Hey, I managed to reproduce it with the flowing consistently:
- MongoDB running on an x86_64 image (I've tried arm64 but without success, even when the Ubuntu/MongoDB versions are the same);
- Config server (mongod), two shard servers (mongod), and one router (mongos);
- With the
allowConnectionsWithoutCertificates: true
: I'm not sure if I misconfigured when using a certificate; I'll try to configure it properly later to see if this prevents the issue (it could be related);
Right now, I'm debugging it to see what is causing the issue, as a what I have seen already:
- This happens only with extensive collections (as described in the issue), even if they're located in a single shard;
- Shards logs don't show any error. The router shows only a
SocketException: Broken pipe.
after the Teleport error. So it seems to be an error only on the Teleport -> Router communication;
I will look more in-depth and debug the MongoDB driver (as the error is happening there). Not sure if the issue is on the driver itself (I've looked on the issues list and didn't find anything related to this) or with our reading message flow (more likely).

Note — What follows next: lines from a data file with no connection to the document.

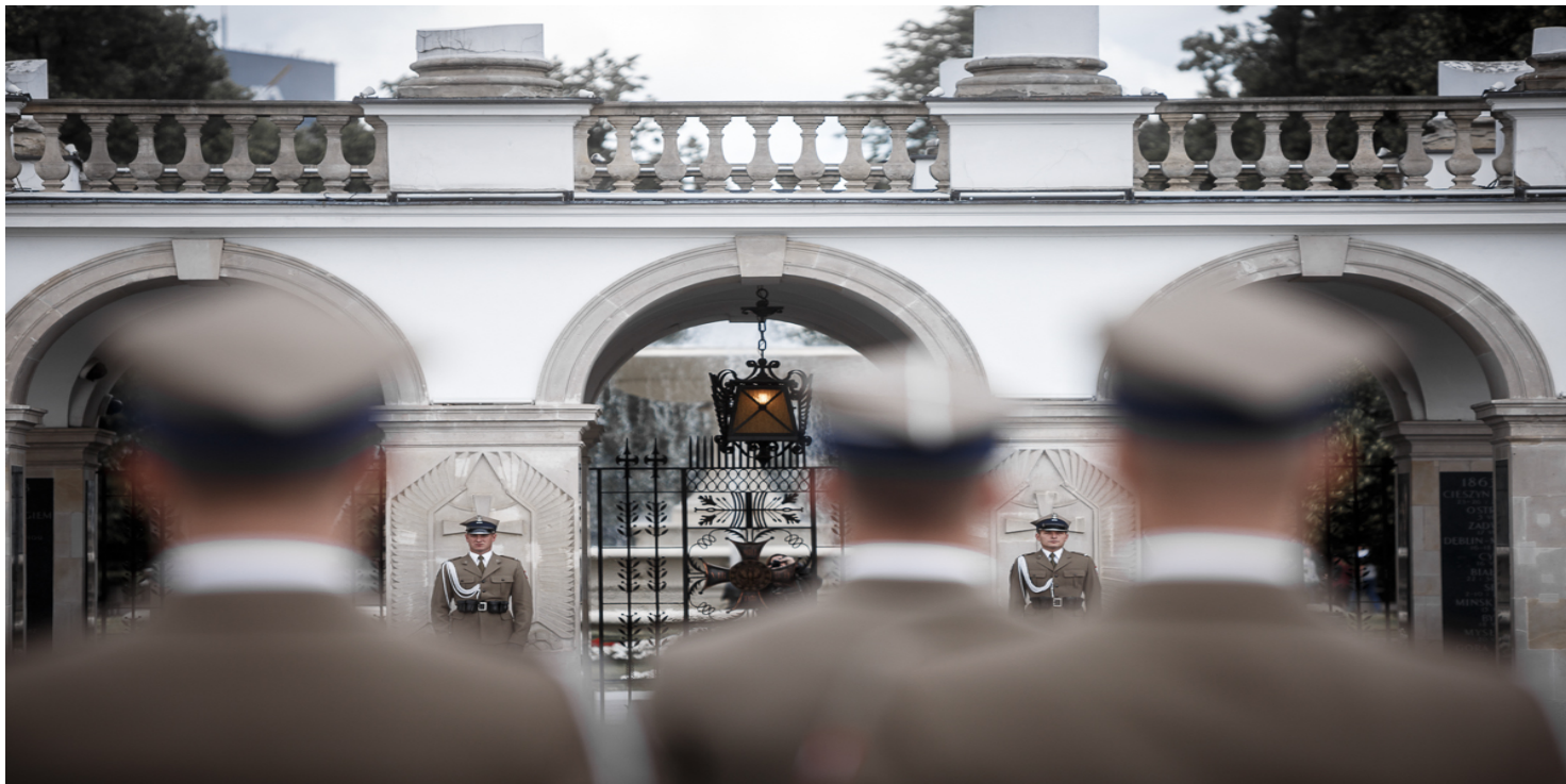
Wojna polsko-czechosłowacka w dniach 23-30 stycznia 1919 roku i bitwa pod Skoczowem zostały upamiętnione na jednej z tablic Grobu Nieznanego Żołnierza w Warszawie.

https://przystanekhistoria.pl/pa2/tematy/stosunki-miedzynarodowe/71808,Czechoslowacja-wobec-wojny-polsko-bolszewickiej-w-1920-r-i-kwestii-granicy-z-Pol.html
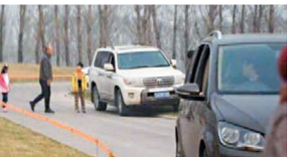
北京野生動物園工作人員稱，網傳自駕遊下車圖片確是該園白虎園區。

有網友19日發圖稱，在北京野生動物園自駕區，有人不聽勸阻下車。北京野生動物園工作人員稱，網傳自駕遊下車圖片確係該園白虎園區。北京公安局發微博提示：老虎不是吃素的！
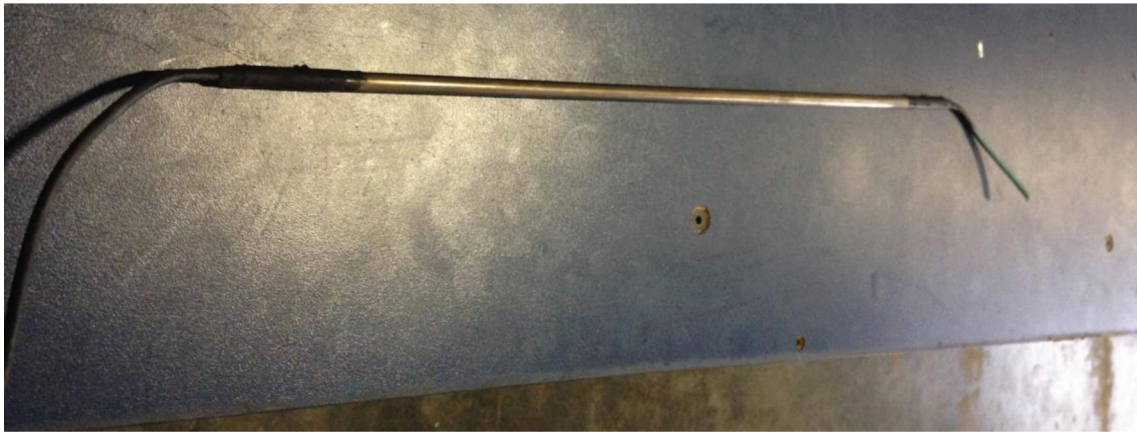
Resim 3. 2 Numaralı Isıtıcı

After some testing, I found that this issue happens when connecting directly to the mongos
instance (without Teleport). I managed to get it to work by changing the net.serviceExecutor
from adaptive
to synchronous
.
I couldn't find any issue on the MongoDB tracking that was directly related to this. After some investigation, it seems that when using net.ServiceExecutor: adaptive
the mongos
instance uses multiple threads to manage connections, which doesn't seem to play well with this version of OpenSSL. And it could be causing the bad_record_mac
error on the Teleport side.
I suggest changing the configuration to see if it solves the issue for your deployment. It is worth mentioning that the adaptive
option is deprecated on MongoDB v4, and the net.serviceExecutor
is removed from v5 and beyond, so if you're planning to update your instances, this will be new behavior.
Let me know if you have any questions. Thanks!
we were connected yesterday as I tried this option too. I confirm that it works many thanks for the deep analysis @gabrielcorado; very useful.
Sounds like this is not Teleport issue and the workaround is available. Closing this, feel free to reopen if it's still an issue.